The dmesg output says it all:


```
drmn0: failed to load firmware with name: i915/kbl_dmc_ver1_04.bin
drmn0: Failed to load DMC firmware i915/kbl_dmc_ver1_04.bin. Disabling runtime power management.
drmn0: DMC firmware homepage: [URL]https://01.org/linuxgraphics/downloads/firmware[/URL]
```

You are obviously missing the firmware for your driver. So either take a look if there is a package with the firmware on freshports.org, or visit the URL shown in the error and look for FreeBSD installation instructions for the firmware.
I personally use an AMDGPU card and I had to install separate packages with the firmware: graphics/gpu-firmware-kmod.
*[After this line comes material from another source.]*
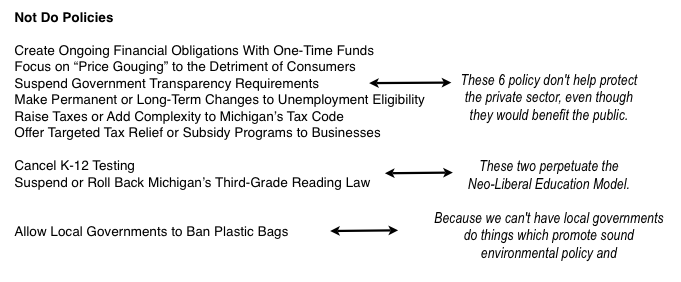 This COVID-19 Coalition, which should more honestly be called a Disaster Capitalism Coalition, is calling for major policy changes in the state of Michigan. In true Orwellian fashion, this coalition is naming their work as a Blueprint for Health, Safety and Economic Opportunity. This new coalition is calling for states policies that Michigan should enact and policies they should NOT enact.

Maybe you need the same package, check it.


----------



## Victor910 (Oct 15, 2019)

I believe this must download automatically, but.... 
This was the main reason why I switching to drm-stable-kmod, the file has been download automatically, in other words, I did not have this error in my old dmesg log.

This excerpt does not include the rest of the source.